Is a Matrix Hermitian?

Description

Returns TRUE if a matrix is Hermitian or Hermitian positive-definite

Usage

isHermitian(x, tol = 100 * .Machine$double.eps)
ishpd(x,tol= 100 * .Machine$double.eps)
zapim(x,tol= 100 * .Machine$double.eps)

Arguments

x	A square matrix
tol	Tolerance for numerical scruff

Details

Functions isHermitian() and ishpd() return a Boolean, indicating whether the argument is Hermitian or Hermitian positive definite respectively.
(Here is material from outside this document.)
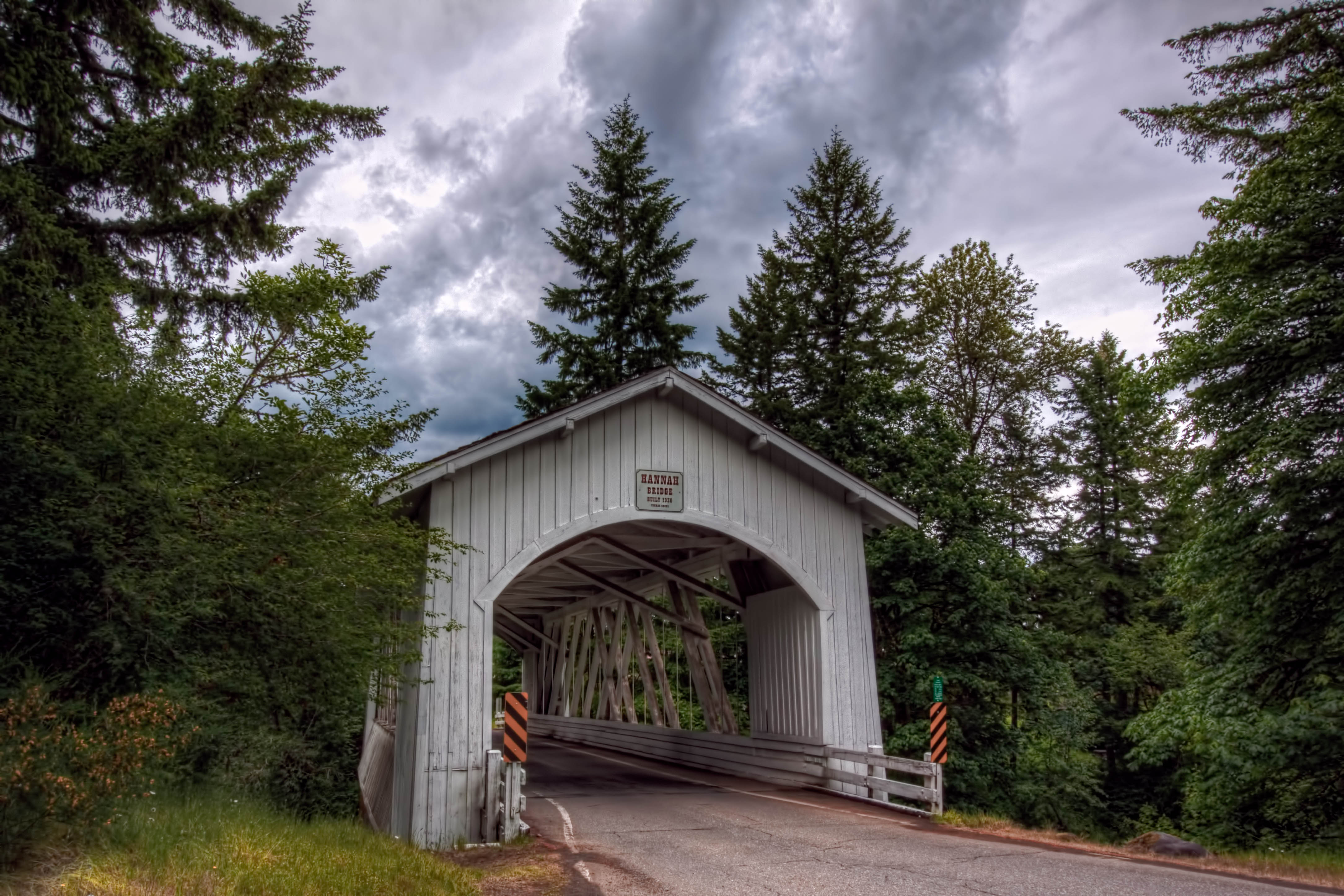 The Hannah Bridge is the youngest of the five covered spans on Thomas Creek in Linn County. The 105-foot housed Howe truss is exposed through the large side openings on the bridge. Very attractive in appearance, the characteristic Linn County covered bridge design includes segmental portal arches, exposed beams at the gable ends, and white board-and-batten cladding. Thomas Creek was named for Frederick Thomas, who obtained a donation land claim on the banks of the stream in 1846.

Function zapim() zaps small imaginary parts of a vector, returning real if all elements are so zapped.

Author(s)

Robin K. S. Hankin

Examples

v <- 2^(1:30)
zapim(v+1i*exp(-v))


ishpd(matrix(c(1,0.1i,-0.1i,1),2,2))   # should be TRUE
isHermitian(matrix(c(1,3i,-3i,1),2,2)) # should be TRUE
ishpd(rcwis(6,2))                      # should be TRUE

---

Multivariate complex Gaussian density and random deviates

Description

Density function and a random number generator for the multivariate complex Gaussian distribution.

Usage

rcnorm(n)
dcmvnorm(z, mean, sigma, log = FALSE) 
rcmvnorm(n, mean = rep(0, nrow(sigma)), sigma = diag(length(mean)), 
    method = c("svd", "eigen", "chol"),
    tol= 100 * .Machine$double.eps)

Arguments

z	Complex vector or matrix of quantiles. If a matrix, each row is taken to be a quantile
n	Number of observations
mean	Mean vector
sigma	Covariance matrix, Hermitian positive-definite
tol	numerical tolerance term for verifying positive definiteness
log	In dcmvnorm(), Boolean with default FALSE meaning to return the Gaussian density function, and TRUE meaning to return the logarithm
method	Specifies the decomposition used to determine the positive-definite matrix square root of sigma. Possible methods are eigenvalue decomposition (“eigen”, default), and singular value decomposition (“svd”)

Details

Function dcmvnorm() is the density function of the complex multivariate normal (Gaussian) distribution:

$p\left(\mathbf{z}\right)=\frac{\exp\left(-\mathbf{z}^*\Gamma\mathbf{z}\right)}{\left|\pi\Gamma\right|}$

Function rcnorm() is a low-level function designed to generate observations drawn from a standard complex Gaussian. Function rcmvnorm() is a user-friendly wrapper for this.

Author(s)

Robin K. S. Hankin

References

N. R. Goodman 1963. “Statistical analysis based on a certain multivariate complex Gaussian distribution”. The Annals of Mathematical Statistics. 34(1): 152–177

Examples

S <- quadform::cprod(rcmvnorm(3,mean=c(1,1i),sigma=diag(2)))

rcmvnorm(10,sigma=S)
rcmvnorm(10,mean=c(0,1+10i),sigma=S)


# Now try and estimate the mean (viz 1,1i) and variance (S) from a
#  random sample:


n <- 101
z <- rcmvnorm(n,mean=c(0,1+10i),sigma=S)
xbar <- colMeans(z)
Sbar <- cprod(sweep(z,2,xbar))/n

---

Manipulate real or imaginary components of an object

Description

Manipulate real or imaginary components of an object

Usage

Im(x) <- value
Re(x) <- value

Arguments

x	Complex-valued object
value	Real-valued object

Author(s)

Robin K. S. Hankin

Examples

A <- matrix(c(1,0.1i,-0.1i,1),2,2)
Im(A) <- Im(A)*3
Re(A) <- matrix(c(5,2,2,5),2,2)

---

Variance and standard deviation of complex vectors

Description

Complex generalizations of stats::sd() and stats::var()

Usage

var(x, y=NULL, na.rm=FALSE,use)
sd(x, na.rm=FALSE)

Arguments

x, y	Complex vector or matrix
na.rm	Boolean with default FALSE meaning to leave NA values present and TRUE meaning to remove them
use	Ignored

Details

Intended to be broadly compatible with stats::sd() and stats::var().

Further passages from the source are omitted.